DATA EXCERPTS ::
━━━━━━━━

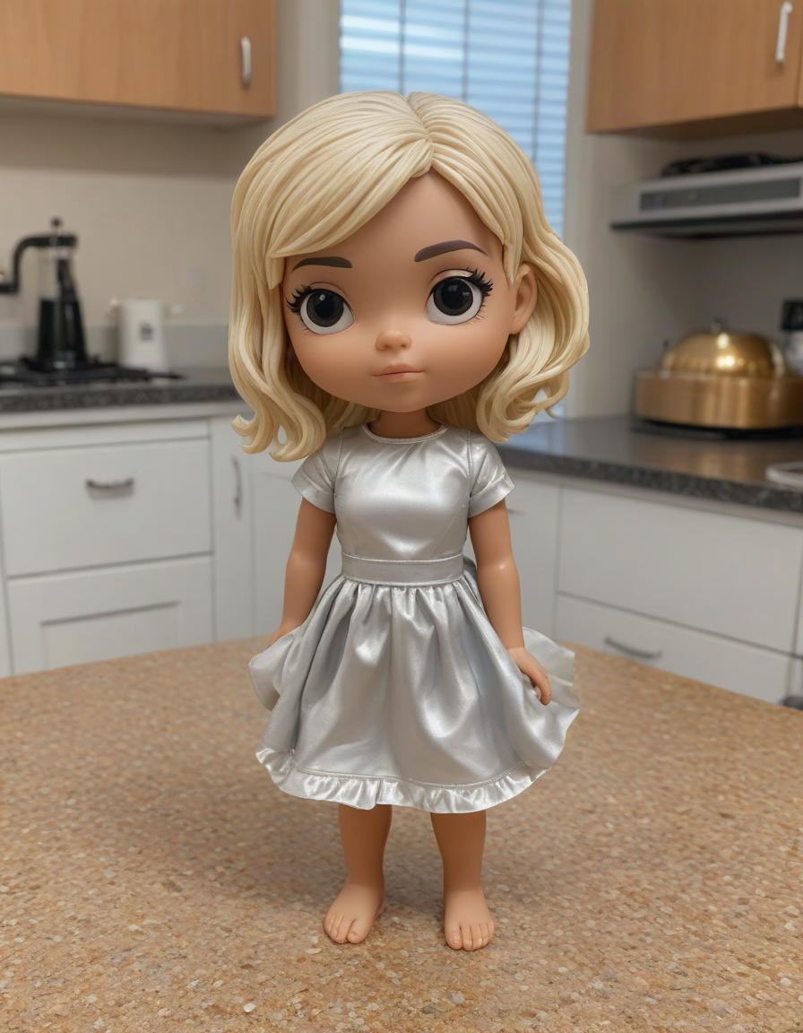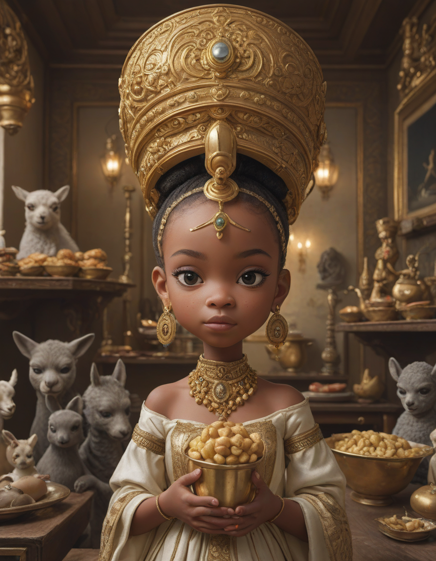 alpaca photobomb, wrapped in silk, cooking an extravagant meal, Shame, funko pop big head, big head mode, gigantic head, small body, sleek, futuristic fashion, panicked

━━━━━━━━

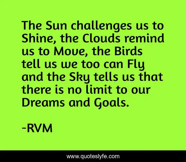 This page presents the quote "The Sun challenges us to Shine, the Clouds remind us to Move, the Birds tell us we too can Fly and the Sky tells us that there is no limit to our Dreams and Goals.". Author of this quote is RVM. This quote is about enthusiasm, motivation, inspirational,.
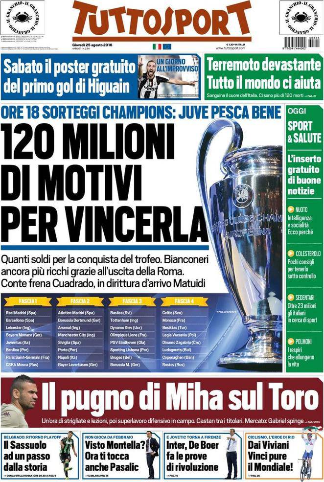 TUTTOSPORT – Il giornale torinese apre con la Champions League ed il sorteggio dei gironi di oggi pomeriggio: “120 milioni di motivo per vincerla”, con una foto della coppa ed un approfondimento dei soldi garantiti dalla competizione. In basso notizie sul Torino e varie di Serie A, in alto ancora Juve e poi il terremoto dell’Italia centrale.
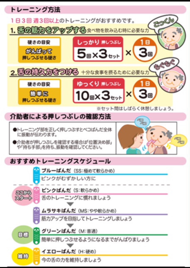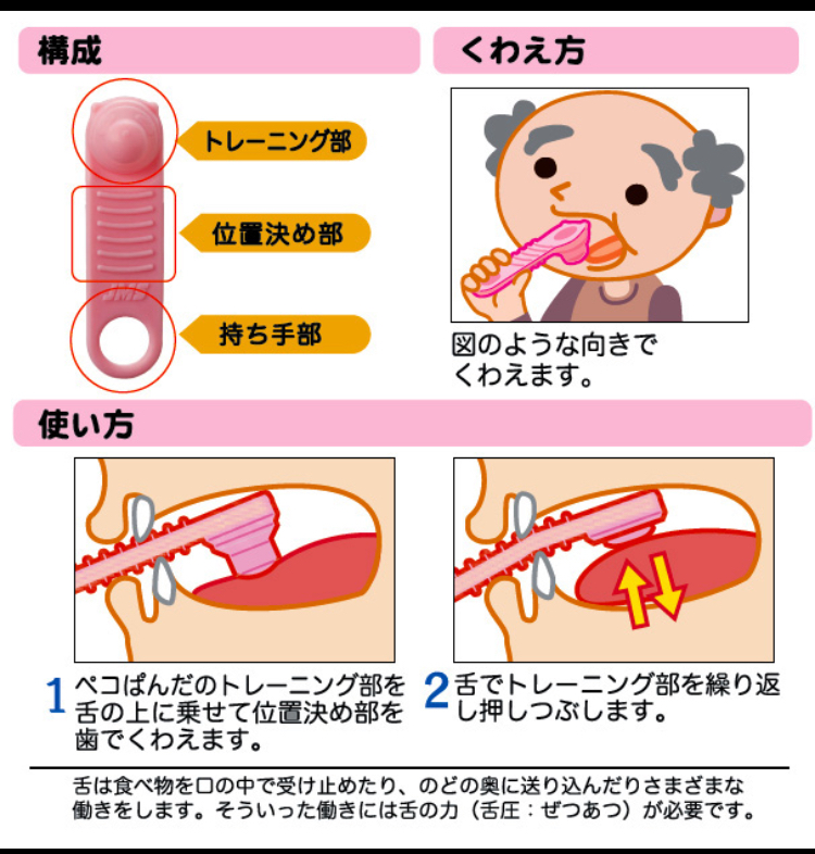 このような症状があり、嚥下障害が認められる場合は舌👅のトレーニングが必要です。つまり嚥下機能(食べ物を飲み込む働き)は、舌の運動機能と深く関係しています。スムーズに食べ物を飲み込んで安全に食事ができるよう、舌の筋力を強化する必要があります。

━━━━━━━━

EXERCISE OBJECTIVE ::
Quote the data above exactly from the line with "TUTTOSPORT – Il" to the line with "このような症状があり、嚥下障", both ends counted, and nothing else. Pictures don't go in.

EXERCISE RESPONSE ::
 TUTTOSPORT – Il giornale torinese apre con la Champions League ed il sorteggio dei gironi di oggi pomeriggio: “120 milioni di motivo per vincerla”, con una foto della coppa ed un approfondimento dei soldi garantiti dalla competizione. In basso notizie sul Torino e varie di Serie A, in alto ancora Juve e poi il terremoto dell’Italia centrale.
 このような症状があり、嚥下障害が認められる場合は舌👅のトレーニングが必要です。つまり嚥下機能(食べ物を飲み込む働き)は、舌の運動機能と深く関係しています。スムーズに食べ物を飲み込んで安全に食事ができるよう、舌の筋力を強化する必要があります。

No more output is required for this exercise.